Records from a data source
^^^^
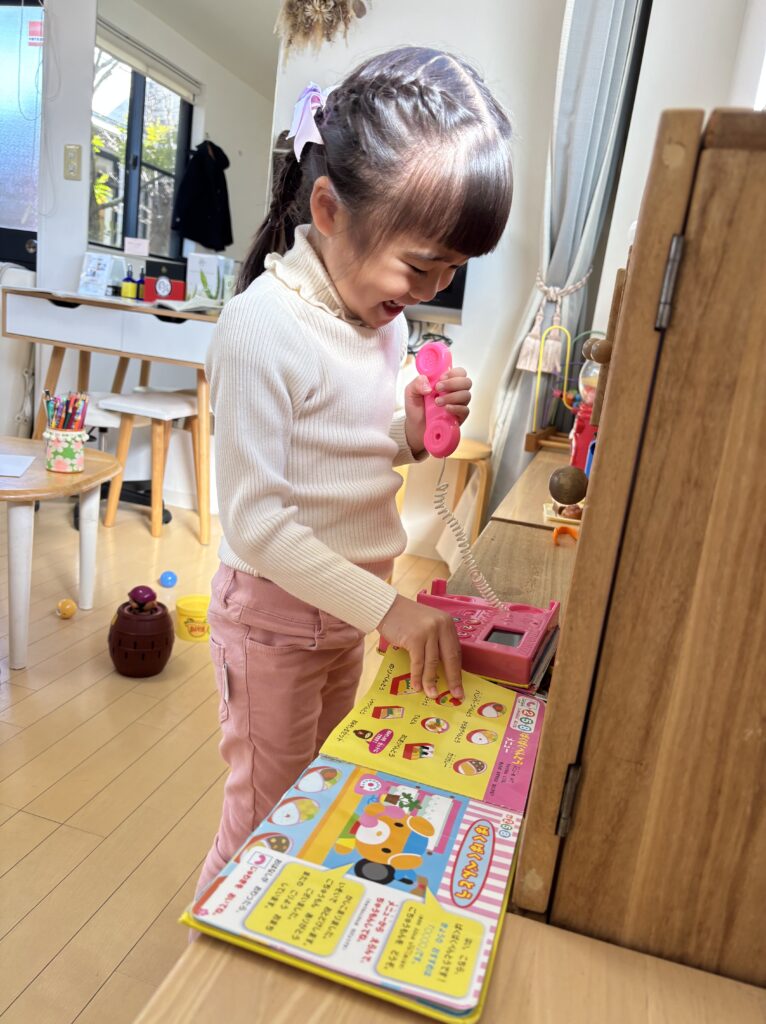 「前に来た時にこのおもちゃ好きだったんだよね」と教えてくれて、お店屋さんごっこのやりとりを楽しみました。
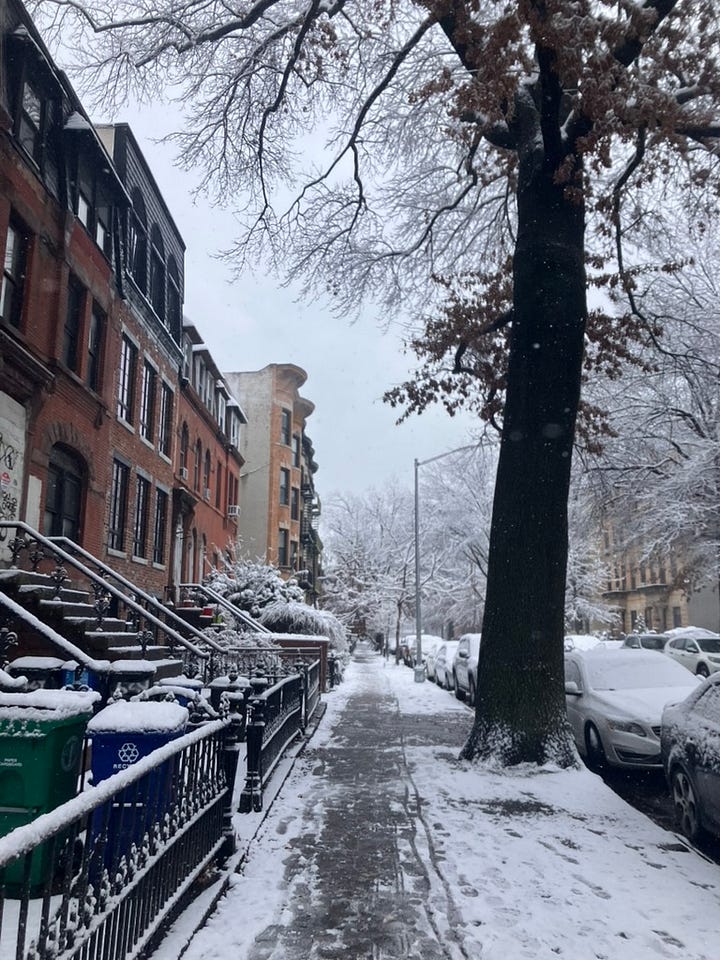 snowy Crown Heights streets.
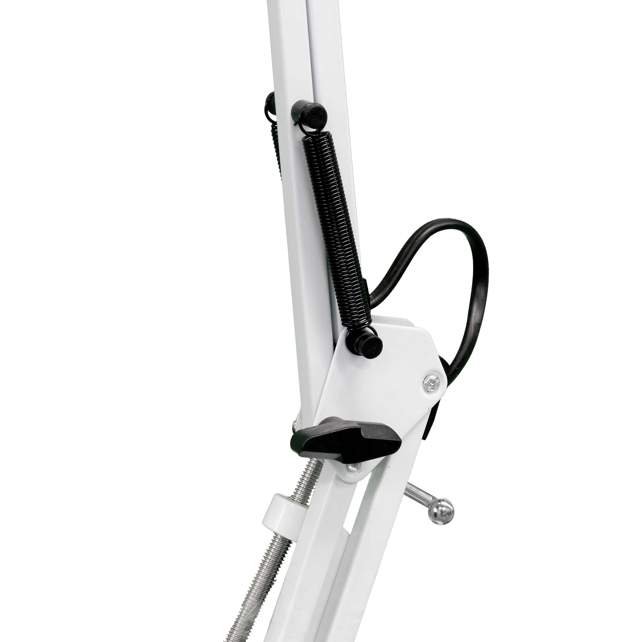 Плечо лампы на пружинных шарнирах дает возможность поворачивать ее в любую сторону, менять угол, высоту наклона и фиксировать ее в нужном положении. Удобно крепится к столу / кушетке / полке металлической струбциной.
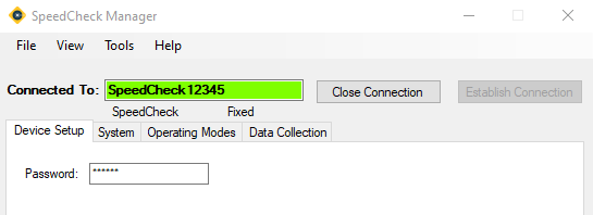 The Device Settings tab within SpeedCheck Manager is password-protected by default to ensure it is only accessed by qualified personnel familiar with the adjustments to be made for your application. The password that needs to be entered is shown below:
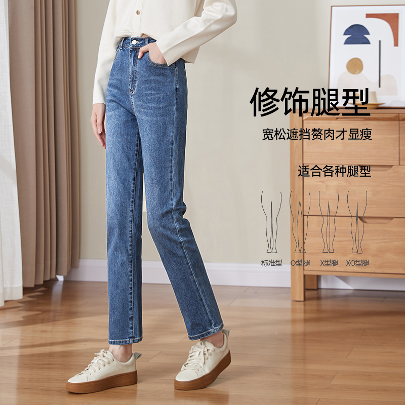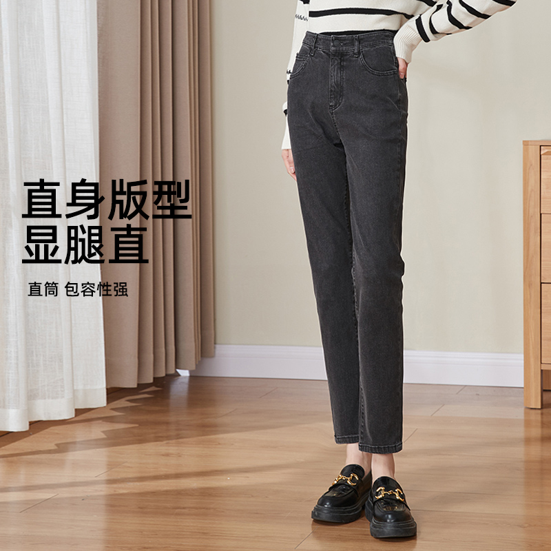 弹力高腰显瘦小个子法棍烟管裤 逸阳女裤 秋款 清仓直筒牛仔裤 子 断码
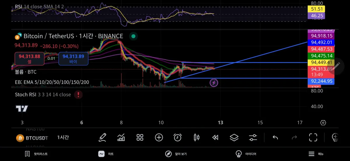현재 비트코인은 보합상태로 유지하다 지지선을 뚫고 내려가고 있는 것으로 보입니다.
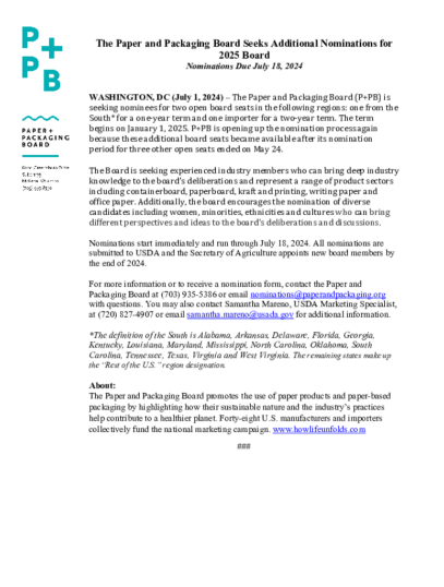 The Paper and Packaging Board Seeks Additional Nominations for 2025 Board
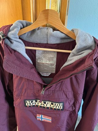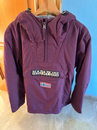 Abrigo tipo anorak de la marca Napapijri. - Diseño con capucha. - Bolsillo frontal. - Parche de la marca y bandera en el frontal. En muy buen estado, vendo por quedarse pequeño, cualquier duda de medidas o lo que sea no duden en escribirme
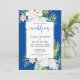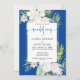 Convite White Flowers on Blue Background Wedding
^^^^
TASK DETAILS = Repeat each record exactly, with the pictures left out.

RESULT OF THIS EXERCISE =
 「前に来た時にこのおもちゃ好きだったんだよね」と教えてくれて、お店屋さんごっこのやりとりを楽しみました。
 snowy Crown Heights streets.
 Плечо лампы на пружинных шарнирах дает возможность поворачивать ее в любую сторону, менять угол, высоту наклона и фиксировать ее в нужном положении. Удобно крепится к столу / кушетке / полке металлической струбциной.
 The Device Settings tab within SpeedCheck Manager is password-protected by default to ensure it is only accessed by qualified personnel familiar with the adjustments to be made for your application. The password that needs to be entered is shown below:
 弹力高腰显瘦小个子法棍烟管裤 逸阳女裤 秋款 清仓直筒牛仔裤 子 断码
현재 비트코인은 보합상태로 유지하다 지지선을 뚫고 내려가고 있는 것으로 보입니다.
 The Paper and Packaging Board Seeks Additional Nominations for 2025 Board
 Abrigo tipo anorak de la marca Napapijri. - Diseño con capucha. - Bolsillo frontal. - Parche de la marca y bandera en el frontal. En muy buen estado, vendo por quedarse pequeño, cualquier duda de medidas o lo que sea no duden en escribirme
 Convite White Flowers on Blue Background Wedding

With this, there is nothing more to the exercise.